Sverdlov had written to her regularly when he took up his appointment; she had replied with letters full of news about her work, of enquiries for friends in their Embassy, and enthusiastic descriptions of events in Moscow. She had never asked about America; she didn't want to hear anything which might reflect to its credit, and she knew Sverdlov was irresponsible enough to say it, just to irritate her. His work in Washington could not be discussed. She had missed him at first; they had been in love, and in many ways he was a strong man whom she admired. He was also a skilful lover; it was only later on that Elena realised how much she had resented that skill and the degree of dominance he had achieved over her because of it. She had felt degraded. Marriage was a social and sexual partnership which was sensibly dissolved as soon as one or both of the partners were no longer satisfied. His assumption of supremacy in this side of their relationship had surprised and offended her. He had threatened her independence; instinctively she had sensed this and resisted. Nothing would persuade her to give up her clinical work, or to limit her scope by children which she didn't want. He had no right to ask a free and equal partner to submit to the inhibiting consequences of what was done to her in bed.

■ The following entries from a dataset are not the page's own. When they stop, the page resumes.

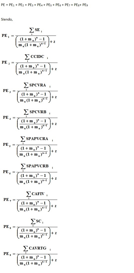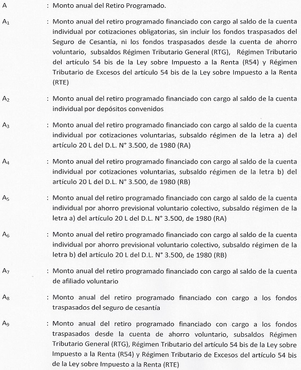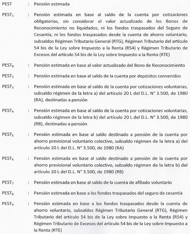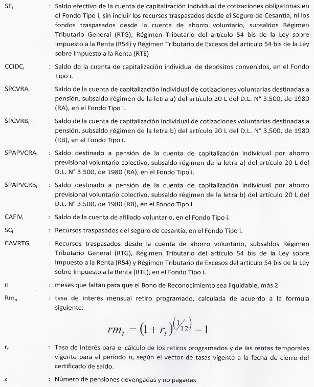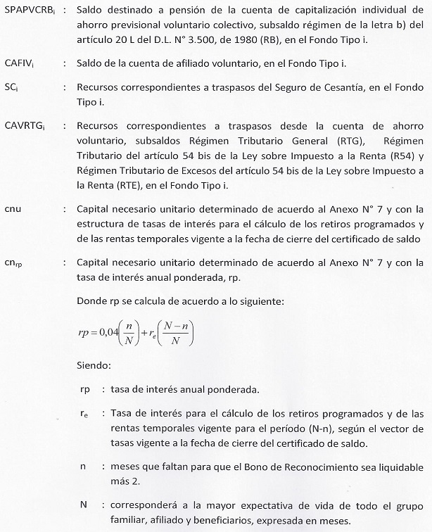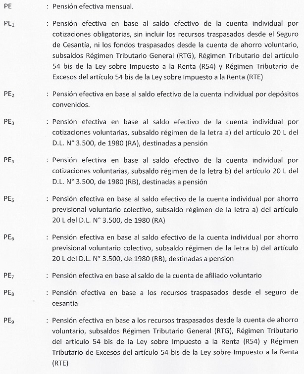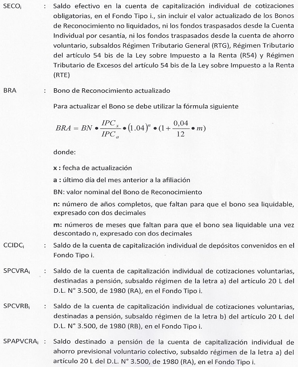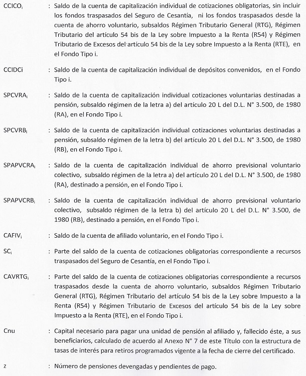 La anualidad se determinará como la suma de las anualidades generadas por los diferentes registros de las cuentas personales, cuenta de capitalización individual de cotizaciones obligatorias incluida la bonificación por hijo para mujeres cuando corresponda (CCICO), distinguiendo aquellos fondos traspasados del Seguro de Cesantía (SC) y desde la cuenta de ahorro voluntario (CAVRTG) de los restantes; cuenta de capitalización individual de depósitos convenidos (CCIDC); saldo destinado a pensión de la cuenta de capitalización individual de cotizaciones voluntarias (SPCVRA y SPCVRB); saldo destinado a pensión de la cuenta de capitalización individual de ahorro previsional voluntario colectivo (SPAPVCRA y SPAPVCRB) y cuenta de afiliado voluntario (CAFIV).
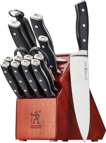 The 15-piece knife block set is stocked with all the tools you need to easily tackle your kitchen tasks. The set includes the all-rounder chef's knife, which is perfect for chopping herbs and dicing onions and a bread knife that cleanly slices through crusty sourdough. Efficiently mince garlic or slice vegetables with the hollow edge santoku, featuring a blade that has small indentations, known as grantons, that prevent food from sticking while cutting. Forged Accent knives are fabricated from high-quality German stainless steel, perfect for precision cutting.
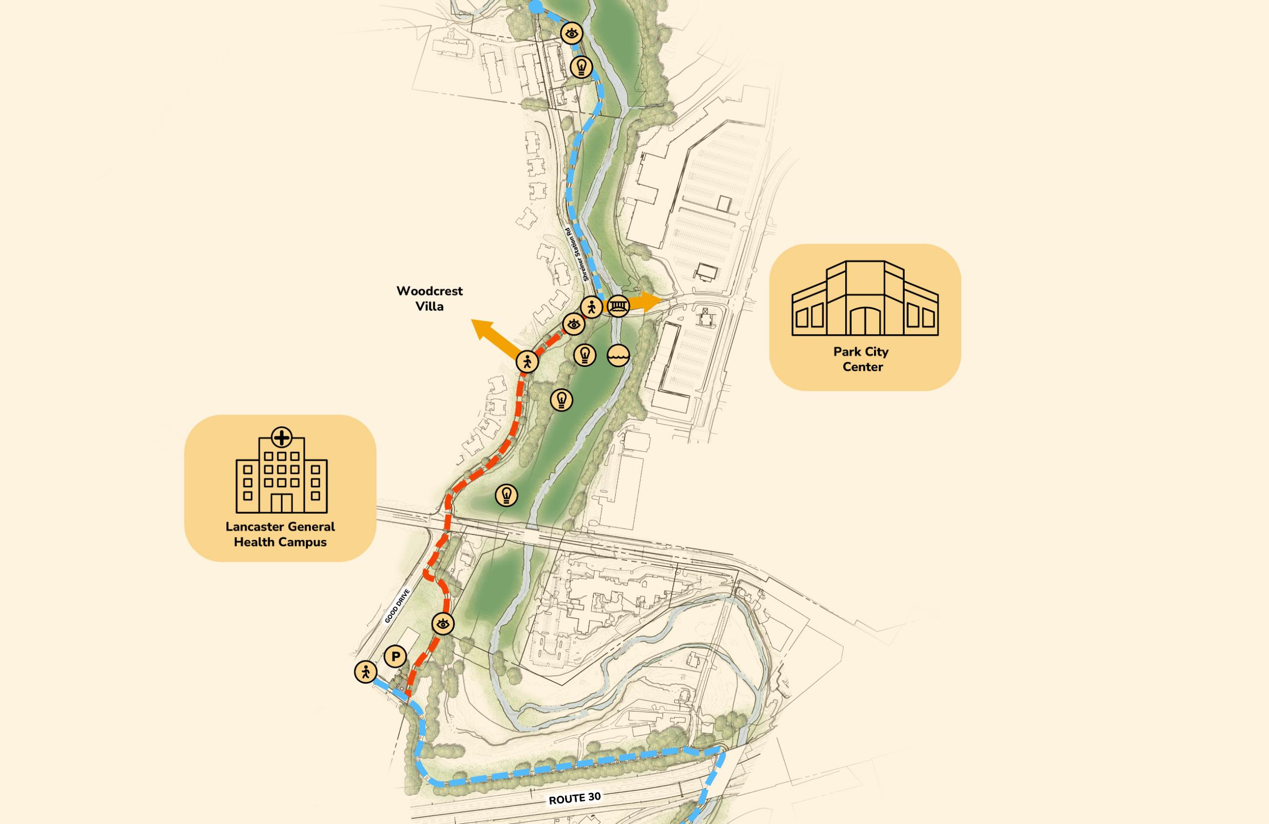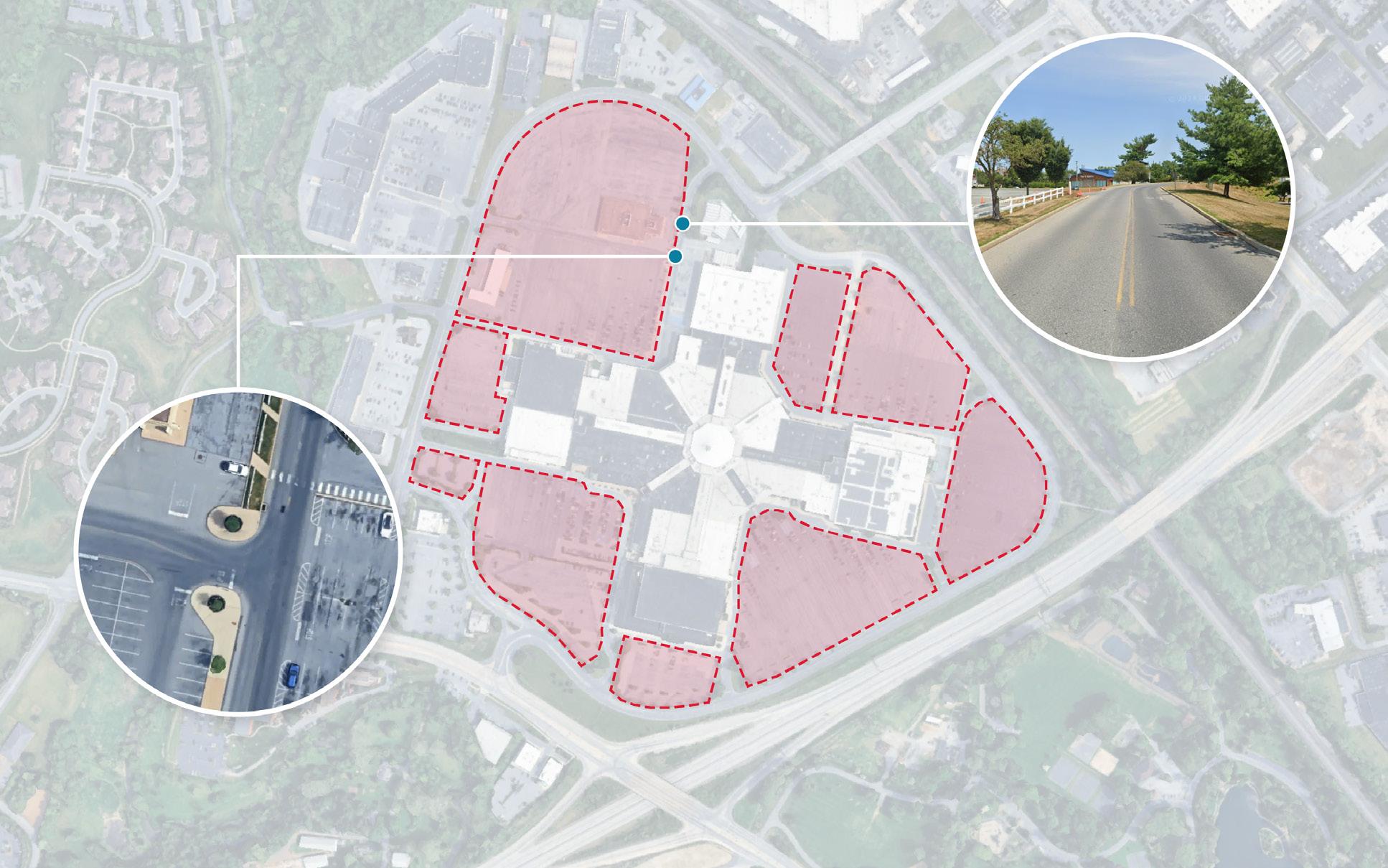The current layout for Park City Center features a classic suburban mall design—a large building footprint surrounded by expansive parking lots. Park City is adjacent to Long’s Park and close to the planned Blue Green Connector trail system along the Little Conestoga Creek. There is an existing pedestrian underpass connecting Park City and Long’s Park, but walkability is still limited and very hard to find with the limited signage. To the west, across Plaza Boulevard, Park City’s ring road, are Parkview Plaza and several restaurants and the Blue Green Connector—indicating opportunities for pedestrian crosswalks to provide better connectivity.

Elena had let him go to Washington, and discovered after a few months of readjustment that she was happier alone. But even so, Tomarov's suggestion of divorce had shocked her. Her husband was marked. There was no mistake about the warning. He was out of favour and under grave suspicion. He would be recalled, and Elena knew exactly what would follow. Sverdlov would be interrogated and put on trial.

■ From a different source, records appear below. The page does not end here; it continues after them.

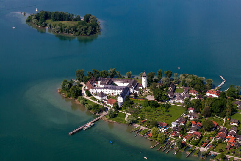 Die Benediktinerinnenabtei Frauenwörth auf der Fraueninsel im Chiemsee – Luftaufnahme aus westlicher Perspektive. Seit dem 8. Jahrhundert ist das Kloster geistliches Zentrum auf der Insel. Die Selige Irmengard, Tochter Ludwigs des Deutschen, wirkte hier als Äbtissin und wird bis heute als Patronin des Chiemgaus verehrt.
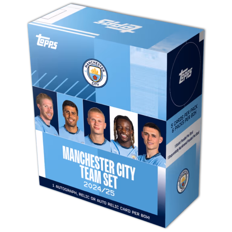 I team set rappresentano il livello di prodotto successivo ai fan set pensati per chi entra nel hobby. Offrono una probabilità più alta di ottenere Autograph Cards e includono anche Relic Cards e Autograph Relic Cards. Chi acquista una box delle 2024-25 TOPPS Manchester City Official Team Set Soccer Cards riceve garantita una Autograph, Relic o Autograph Relic Card di una stella della rosa attuale o di una delle grandi leggende dei Cityzens.
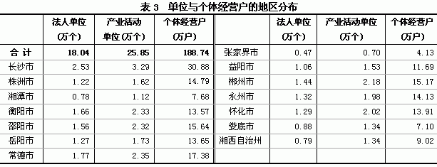 分市州看,拥有法人单位数和产业活动单位数名列全省前5位的依次是:长沙市、常德市、衡阳市、邵阳市、郴州市,5市共有法人单位8.96万家和产业活动单位12.47万家,分别占全部法人的49.7%和48.2%。

She faced that possibility, keeping calm and rational, refusing sentiment a voice in the discussion in her mind. He had turned against his Party and his people. Otherwise he wouldn't be suspected. There were no doubts in Elena's reasoning process. The State was never wrong. If Feodor was not trusted, then he was no longer trustworthy. And she was free of any obligation to support him. To do so would be to compound his treason. Her own motives would become suspect; she could be deprived of her job, cast out into the wilderness inhabited by unreliables, if she was not actually arrested and questioned in conjunction with her husband. Fear did not influence her; in defence of her political ideals, Elena Maximova would have faced prison and even death without hesitating. Sverdlov had gone over to the enemy. That was sufficient reason for dissociating herself as publicly as possible. There was a photograph on the centre table in the sitting room. It was the same as the one Tomarov kept at home; a full-length picture of them on their wedding day. Elena picked it up, removed the print from its painted wooden frame, and tore it up. The following morning Gregory Tomarov presented himself at the office of Major-General Ivanovsky at the Headquarters of the KGB in Dzershinsky Square. The case against Feodor Sverdlov was proceeding satisfactorily and the next step could be taken. There would be no complications with the Maximov family; his wife was applying for an immediate divorce.